How to parse a large number of logs?

L

Leks2015-11-23 07:17:15

linux

Leks, 2015-11-23 07:17:15

Good day.
What is the best way to approach the task of parsing a large volume of csv call logs (~ 12-15 GB) in order to get the maximum data processing speed?
Logs are a set of data - "time, name, duration".
As a result, you need to get the total duration for each unique name.
Such a script in pyhton was considered to be > 2 hours, I would like it to be faster:

import sys
import re

d = {}

for line in sys.stdin:
                        NameRE = re.compile("NAME=(\w+)")
                        TimeRE = re.compile("TIME=(\d+)")
                        if NameRE.search(line):
                                Name = str(NameRE.search(line).group(1))
                                Time = int(TimeRE.search(line).group(1))
                        if Name in d:
                                Time += d[Name]
                                d[Name] = Time
                        else:
                                d[Name] = Time
for k in d:
        print '%s  %s' % (k, d[k])

Reply

Answer the question

In order to leave comments, you need to log in

8 answer(s)

K

Kirill, 2015-11-23
@kshvakov

In DB put
For MySQl LOAD DATA INFILE ( dev.mysql.com/doc/refman/5.7/en/load-data.html)
For PostgreSql COPY ( www.postgresql.org/docs/9.3/static/sql-copy.html )
Or you can in SQLite

N

neol, 2015-11-23
@neol

- re.compile needs to be taken out of the loop.
- make one out of two regular expressions and instead of three search calls make one.
- remove useless transformation str(NameRE.search(line).group(1))

P

protven, 2015-11-23
@protven

Look towards Apache Spark.
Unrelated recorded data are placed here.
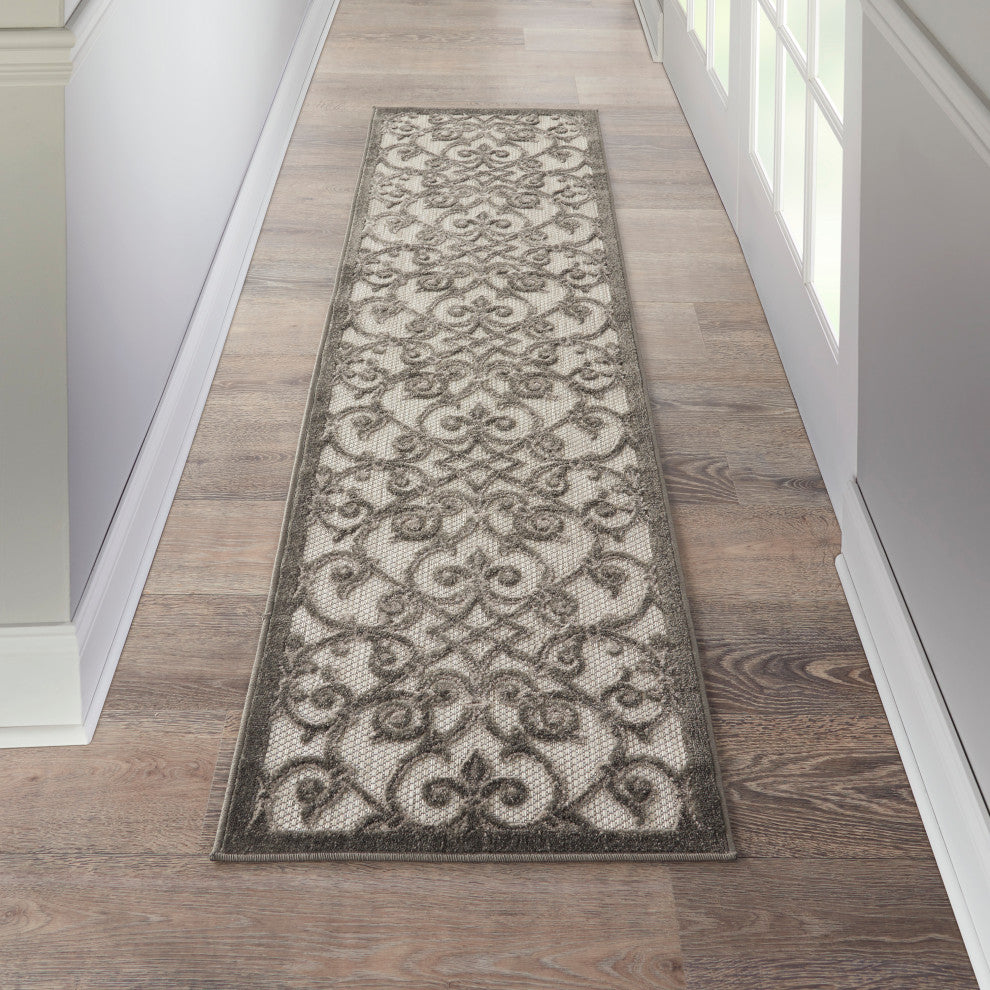 Nourison Aloha 2'3" x 8' Grey Charcoal Contemporary Rug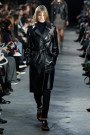designers Carol Lim and Humberto Leon from Opening Ceremony chose a future-focused them for their fall 2016 collection. They took their cues from Syd Mead, the artist who designed the cityscape in Blade Runner and the digiscape of Tron. Lim and Leon projected themselves into a future where people still need matter-of-fact outerwear to keep them warm while they’re riding around on their hoverboards, and miniskirts and over-the-knee boots to wear on their virtual reality dates, and slouchy knits and boot-cut jeans for casual dinners out. The futurism was mostly reflected in the collection’s holographic fabrications, which ran from lacquered croc print to burnout metallic swirls to high-shine velvet jacquard. One of the coolest textiles here was a fine knit embedded with multicolor crystals. Also cool: the Opening Ceremony tees and palazzo pants in a lamé-like silver fabric.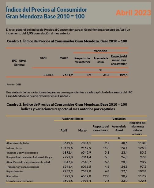 La Dirección de Estadísticas e Investigaciones Económicas de Mendoza (DEIE) informó este viernes por la tarde que la inflación en Mendoza durante el mes de abril fue de 8,9%. El acumulado anual es de 29,8.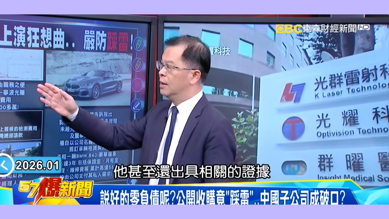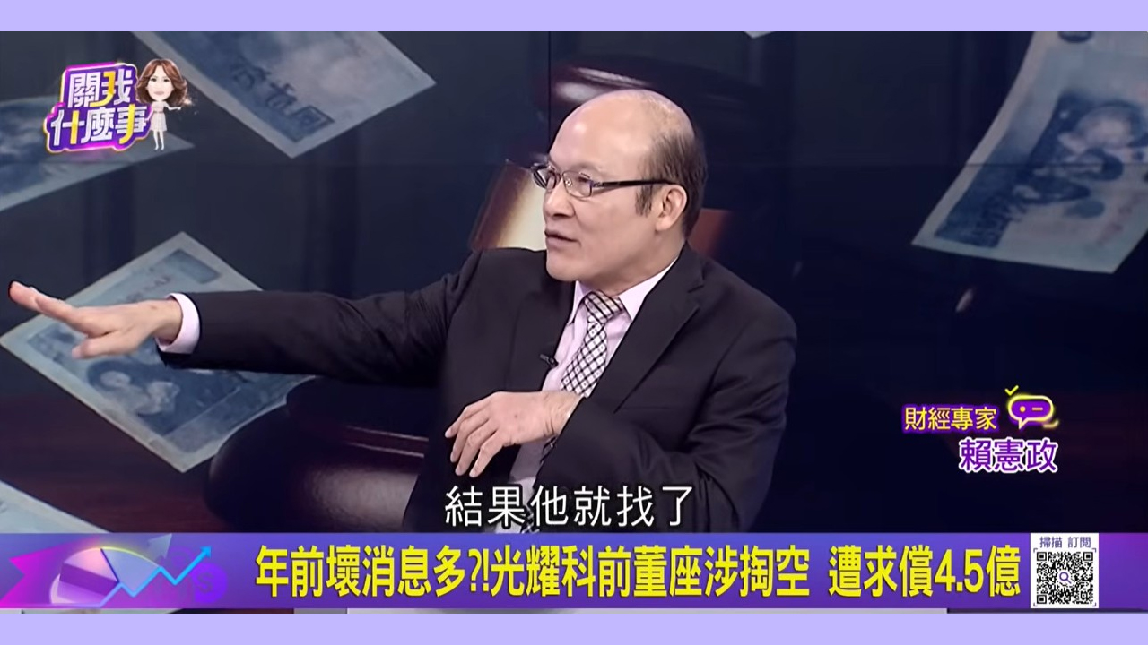 資深市場分析師賴憲政在《關我什麼事》節目中則聚焦交易結構指出,光耀科原母公司光群雷射出售持股時,契約載明標的公司無隱匿負債、無重大違法情事;併購交易過程,相關重大資訊是否真實且充分揭露,金融監理機關應依職責查明。他並指出,境外子公司支付高層主管的薪酬與稅費義務常被低估,「若交易前未揭露,實質就是隱性負債,最後由接手方埋單」。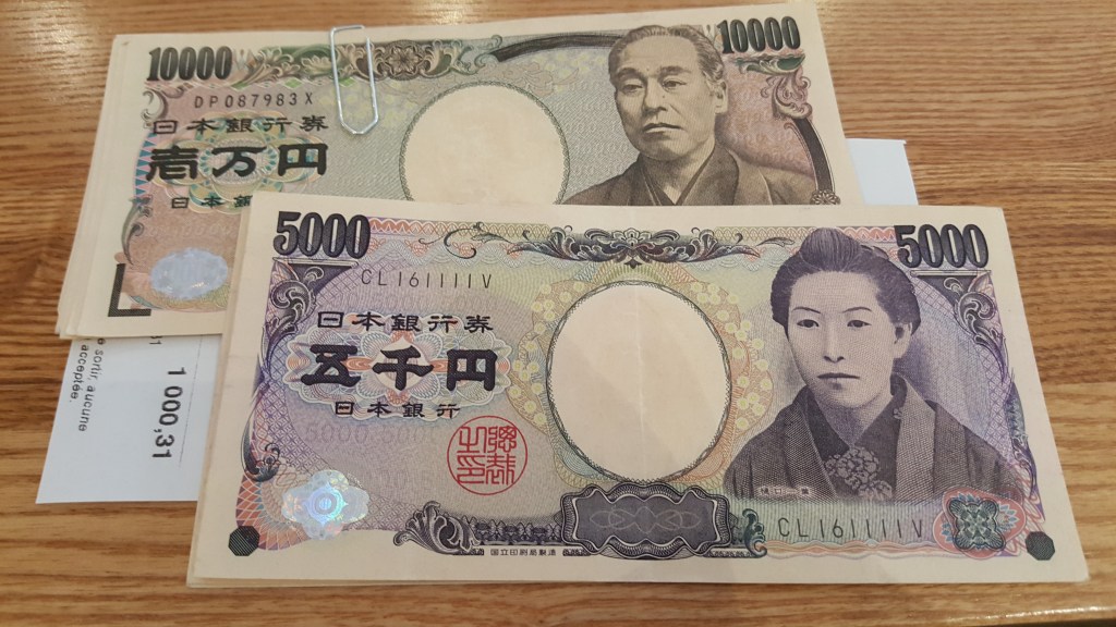 Le Japon compte quatre billets différents dont les montants différent également : 1000 yen, 2000 yen, 5000 yen et 10 000 yen.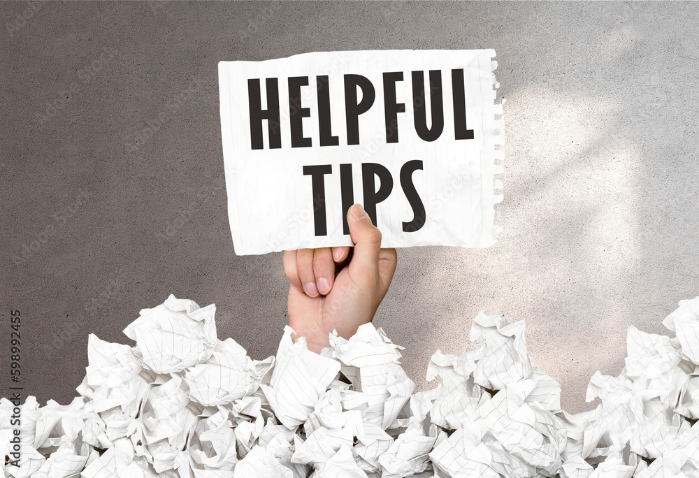 Hand holds a piece of paper with text Helpful tips on a gray wall background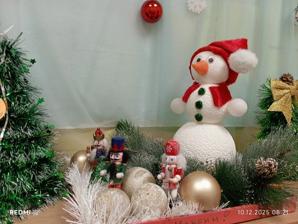 Возраст Максима 5 лет. Герои в работе были взяты из сказки Щелкунчик. Выполнена из искусственных веток, новогодних елочных шаров, деревянных солдатиков. Снеговик из шаров пенопласта.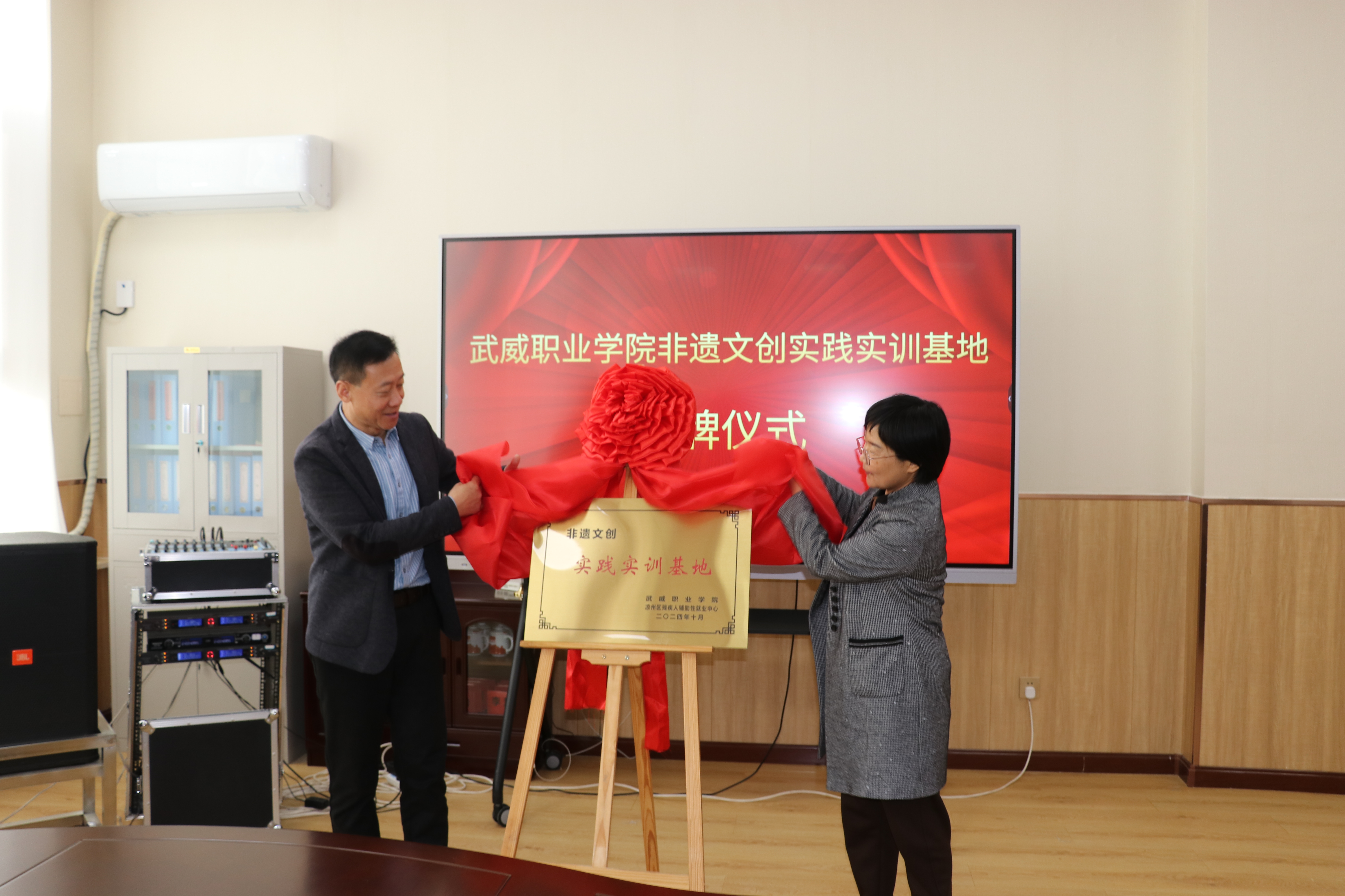 會上,武威市殘疾人聯(lián)合會副理事長柯長文,武威職業(yè)學院黨委委員、副校長何毅為“非遺文創(chuàng)實訓實踐基地”揭牌。
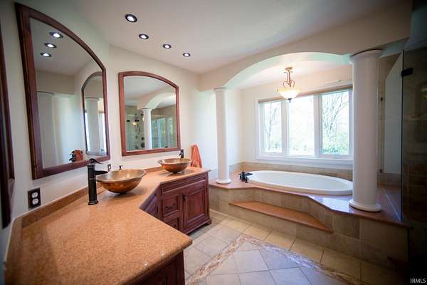 - Alarm System-Sec. Cameras, Alarm System-Security, Attic Storage, Attic-walk-Up, Bar, Basketball Goal, Cable Available, Cable Ready, Ceiling Fan(s), Ceiling-9+, Central Vacuum System, Closet(s) Walk-In, Countertops-Solid Surf, Crown Molding, Custom Cabinetry, Detector-Carbon Monoxide, Detector-Smoke, Dishwasher, Disposal, Dryer Hook Up Electric, Garage Door Opener, Great Room, Guest Quarters, Kitchen Island, Landscaped, Main Floor Laundry, Main Level Bedroom Suite, Open Floor Plan, Pool Equipment, Range/Oven Hook Up Elec, Refrigerator, Skylight(s), Sump Pump, Tub and Separate Shower, Tub/Shower Combination, Utility Sink, Washer Hook-Up, Water Heater Electric, Water Softener-Owned, Wet Bar, Window Treatments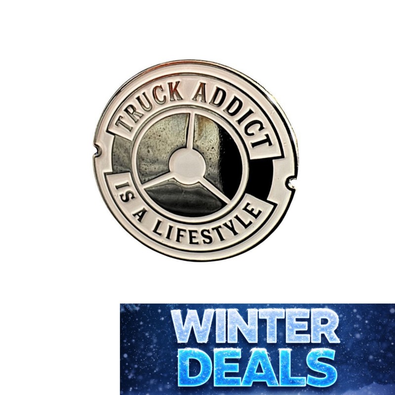 Mettez en avant votre passion camion avec le pin's Truck Addict is a lifestyle coloris blanc et chrome.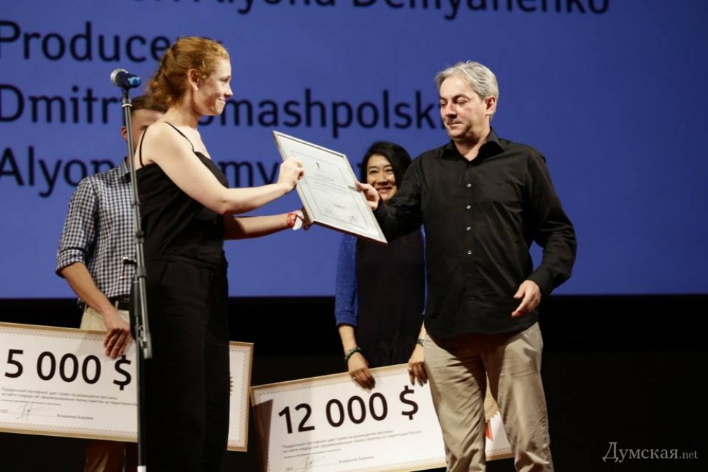 18 июля в фестивальном дворце ОМКФ раздали первые награды 5-го Одесского кинофестиваля — «Золотой Дюк» за Лучший украинский короткометражный фильм по версии международного жюри национальной конкурсной программы, приз за Лучший актерскую работу, впервые вручаемый в этом году, призы за Лучшие проекты Питчинга и Work in Progress и другие. Как сообщает пресс-служба ОМВФ, церемония начались с минуты молчания в память о погибших пассажиров Boeing 777 Malaysia Airlines 17 июля, а также в память об известном украинском актере Виталие Линецком, скончавшемся на 43-м году жизни. В своем выступлении Виктория Тигипко, президент ОМКФ, отметила: «2014 — переломный год как для страны, так и для киноиндустрии. Но нужно смотреть в будущее отрасли, которая становиться на ноги. Четыре года поддержки киноиндустрии дали существенные результаты: снято 57 полнометражных фильмов, мы получили беспрецедентное число заявок в национальную конкурсную программу — 130. Несмотря на тяжелую финансовую и эмоциональную ситуацию, в этому году были введены новые награды национального конкурса — приз за лучшую актерскую работу и лучший проект Work in Progress». Виктория также заявила, что в связи с крушением пассажирского самолете в Донецкой области 17 июля будут внесены изменения в традиционную церемонию закрытия фестиваля: гости проследуют в зал без соблюдения светского протокола и музыкального сопровождения, организаторы отменят торжественный прием и вечерние развлекательные мероприятия. Лучшим украинским короткометражным фильмом по безоговорочному решению жюри была названа работа Марии Кондаковой «Листопад». Первый «Золотой дюк» конкурсной программы юбилейного ОМКФ и сертификат на 10 тыс. гривен режиссеру и продюсеру фильма вручила заместитель председателя правления ТАСкомбанк — Рината Березникова. «Это большая честь находится на этой сцене. Когда я впервые приехала на фестиваль в качестве студентки Летней киношколы, я смотрела, как получают награды и думала про себя, что я тоже так хочу. И вот спустя пару лет - вуаля! Спасибо!», — поблагодарила всех победительница. Международное жюри национальной конкурсной программы выдало сразу три специальных диплома: оператору Сергею Михальчуку за визуальное решения фильма «Поводырь», режиссеру психологического триллера «Зеленая кофта» Владимиру Тихому за изображения диалога в обществе и копродукции Украина-Турция «Люби меня» режиссеров Марины Эр Горбач и Мехмета Бахадыра Эра. Приз в новой номинации национального конкурса «Лучшая актерская работа» поделили между двумя актерами: Станиславом Бокланом за роль в фильме «Поводырь» и Усханом Чакишем за роль в фильме «Люби меня». В рамках профессиональной секции конкурс на лучший проект Питчинга полнометражного художественного фильма, производства Украины или копродукции с Украиной, выиграл проект «Когда падают деревья» режиссера Марыси Никитюк и продюсеров Игоря Савиченко и Дариуша Яблонського. Победителям вручили денежное вознаграждение в размере 50 тыс. гривен. Особым упоминанием экспертное жюри наградило совместный проект Владимира Филиппова с Одесской киностудией «Александр Довженко. Одесский дебют». Два фильма, представленные в рамках программы Work in Progress, были отмечены наградами от партнеров профессиональной секции ОМКФ. Жури международной федерации кинопрессы (FIPRESCI) так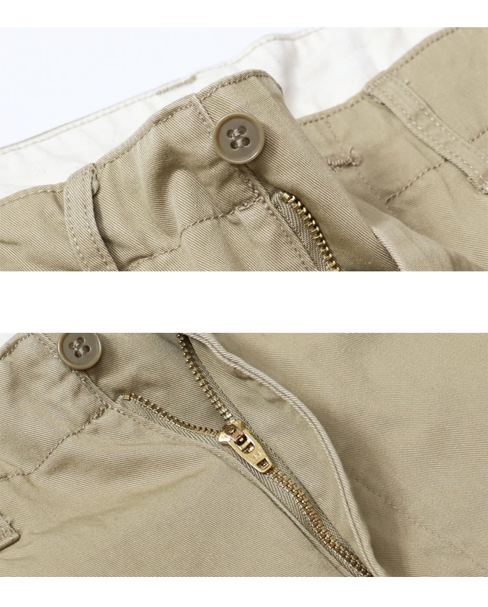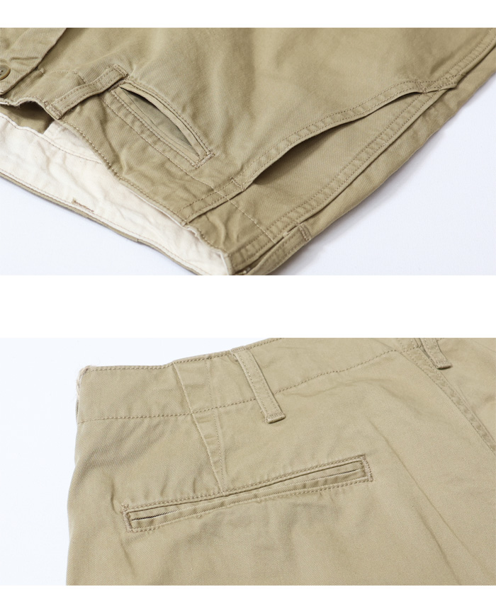 素材にはタテ糸・ヨコ糸を高密度に打ち込んだ上質なヴィンテージチノを採用。生地を地染めした後、表面を顔料で染めることでパンツ全体に凹凸感のあるVintage Chinoならではのユーズド感を表現しました。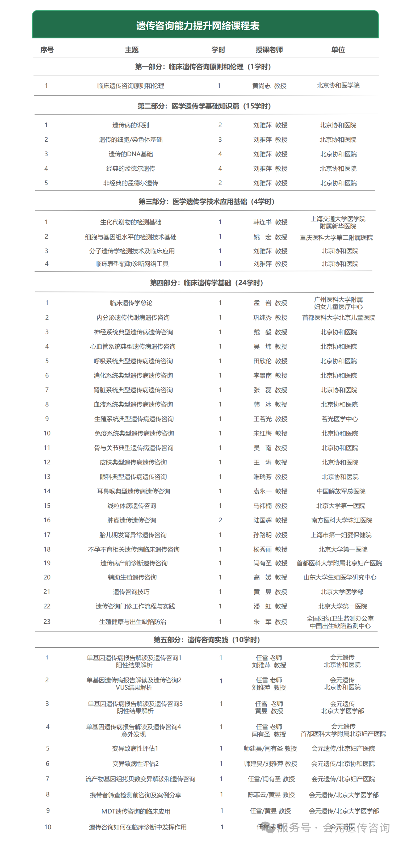 邀请30余位具有丰富实践经验和教学经验的医学遗传学、临床医学等遗传咨询专业的资深专家教授授课。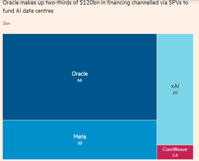 Meta、xAI、甲骨文及数据中心运营商CoreWeave是业内率先开展这一复杂融资交易的公司,以保护其公司免受建设人工智能数据中心所需的大量借款的影响。然而不难看到,越是“遮遮掩掩”,市场对它们的处境也越发担忧——CoreWeave和甲骨文已成为了过去几个月AI抛售行情的“震中”……

I took a course on it in the summer
https://courses.edx.org/courses/BerkeleyX/CS100.1x...
where one of the first labs was just the task of parsing Apache logs.
Spark is, first of all, much more human-loving than Hadup and easier to set up.
Secondly, due to the fact that you can store all the data in memory, it will most likely be faster if you allocate machines with enough RAM for it. In general, I would advise you to spend a couple of hours studying, in the course that I threw off, a ready-made Vagrantfile is given. Download Vagrant itself, then Virtualbox, do vagrant up and you have a ready-made environment, you can try to solve your problem.

S

Stalker_RED, 2015-11-23
@Stalker_RED

habrahabr.ru/company/dca/blog/267107

S

Swartalf, 2015-11-23
@Swartalf

A bit off topic, but if you're on Linux and need to iterate over large csv's, wouldn't it be easier to use awk?
The increase in speed will be very, very noticeable.

B

beduin01, 2015-11-23
@beduin01

Read the article, there are examples tech.adroll.com/blog/data/2014/11/17/d-is-for-data...

R

Roman Mirilaczvili, 2015-11-23
@2ord

If the question is about the code, then in addition to neol I can add for
d[Name] = Timesome reason it is also present in both if, else branches, which is not optimal.
If the question is about choosing the right tool, then as an alternative to your own script, you can also try the same Apache Spark.

S

Sergey Wegner, 2015-11-23
@wegners

Good afternoon, if there are no secret data in the logs, could you post a script for testing? And what kind of result do you want?